The Mal-X was $430 shipped to me, and you can get an EP2500 at Guitar Center for $350. But, there are Ebay listings for the EP2500 that are at $320 shipped or close to that. 

The Mal-X is found Here

But, that's if you haven't already bought anything, or if you want to go with the DIY route. You could also go with the Mach 5 Audio IXL 18 ($265) found here and a EP1500 ($239 buy it now on Ebay) for a total around $504 excluding building costs which would be around $50 or so.

I went with the Mal-X and am very happy with it, and I only have 150w going through and it can handle 1800w easily.

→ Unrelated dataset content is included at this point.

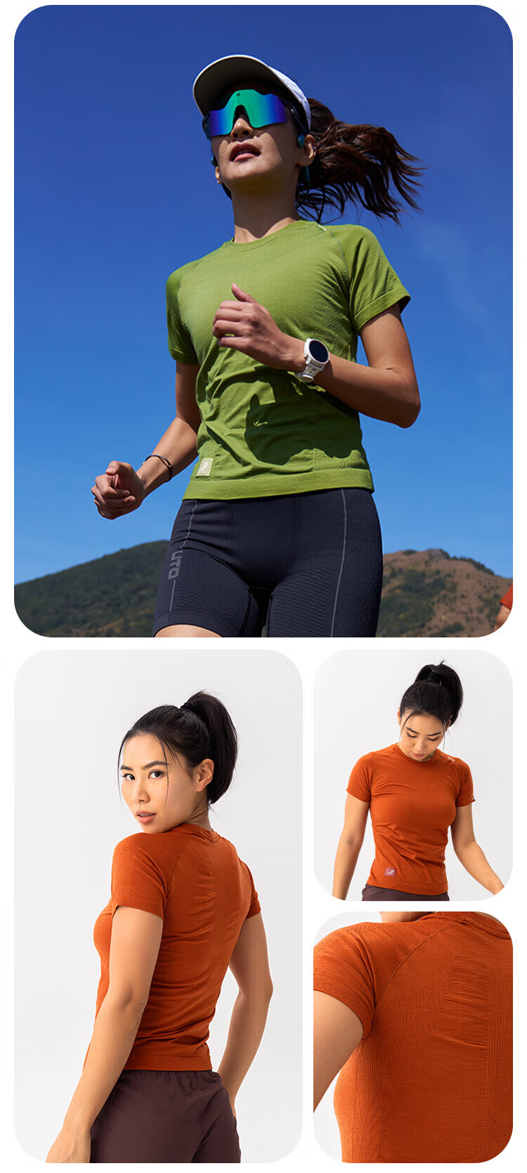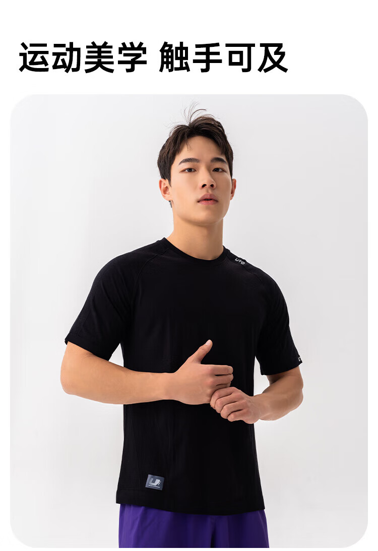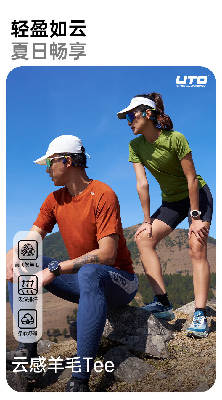 UTO Merino Wool Quick-Drying Short-Sleeved Sports T-Shirt Outdoor Running Hiking Top Men's Style - Classic Black XL

Got an EP2500 on the way...


----------



## bbieger (Sep 15, 2009)

SO I purchased IronGlen's SVS PC12 NSD and plugged it in last night. What was even more frightening to me than the sheer size of the unit (is that a kegerator? my wife says when I hauled the box in) was the sounds this thing could put out. I played dirt 2 on my 360 and when I first crashed into a concrete wall I scared the hell out of myself because as the controller shook, so did my chest from the booms coming out of the sub. 

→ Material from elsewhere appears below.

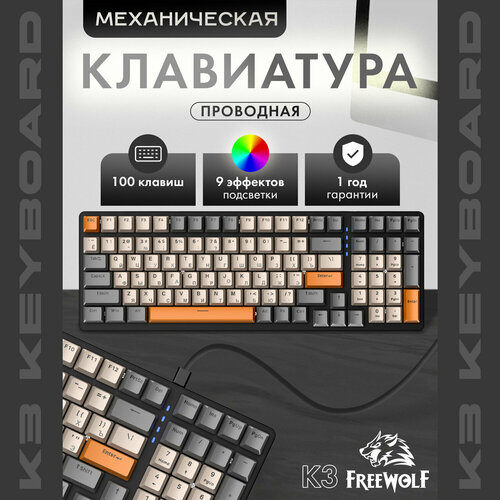 **Клавиатура игровая Wolf K3** - это проводная клавиатура с 100 кнопками и раскладкой на русском языке. Клавиатура имеет черный и оранжевый цвета и оснащена механическими переключателями Red Switch.

Hopping around like some kind of drug addict that just found a bale of coke washed up on a remote beach, I threw T2in the blue ray and skipped forward to the nuclear attack flashback scene. DUDE!! To my wifes credit, she paused from watching true blood on her laptop in bed to come downstairs to calmly tell me that the bedroom windows were rattling. Then it was on to black hawk down's "Irene" scene..impressive but not fear inducing. Finally, (after all it was 12:30) I watched the "broken arrow" sequence on we were soldiers. This track is one of the best surround sound scenes I know of. Planes whizzing left to right, m16's and hand guns going off and my favorite..coffee table shaking napalm explosions :yikes::clap:

What is so cool about we were soldiers is that there are many "quiet" scenes int he middle of the fighting (like slow motion stuff) and often these scenes end with a big explosion or something that really does scare the out of you even if you know it is coming.

Thanks Glen!!
(dude, buy a blue ray!!)


----------



## Jon Liu (May 21, 2007)

If you think the PC12 NSD is big, you should see the PC-Ultra or the PB13-Ultra. Or better yet, the old-school B4+ that SVS made. Just imagine a box big enough for 4 twelve inch drivers and enclosure space to accomodate the pressure!

Oh and congrats on the purchase!


----------



## ironglen (Mar 4, 2009)

Glad you like it! (hope it meets waf too) After you have it awhile in a corner, you'll forget about the size. Makes you wonder how you did without a good sub for so long, eh?:unbelievable:


----------



## bbieger (Sep 15, 2009)

I am going to try putting it behind a chair in the front corner and see how it sounds. Because it now sits directly adjacent to the listening position, you can tell where the bass is coming from in many instances. I can't quite stop thinking that a corner behind a chair will make it sound muffled.


----------



## Jon Liu (May 21, 2007)

I would try multiple locations, too. I always got annoyed when I could localize the bass signal. Even though the lower frequencies are much less directional, I still could tell and it always bothered me. So I always took a long time calibrating a sub, relocating calibrating, relocating, calibrating, etc. until I found the best spot. It may feel like a lengthy process, but it is well worth it in the long run.


----------



## ironglen (Mar 4, 2009)

It might work well, being downfiring, plus it is ported out the top:dumbcrazy: Get it set soon, and enjoy your movie-filled weekend!


----------



## salvasol (Oct 31, 2006)

bbieger said:


> I am going to try putting it behind a chair in the front corner and see how it sounds. Because it now sits directly adjacent to the listening position, you can tell where the bass is coming from in many instances. I can't quite stop thinking that a corner behind a chair will make it sound muffled.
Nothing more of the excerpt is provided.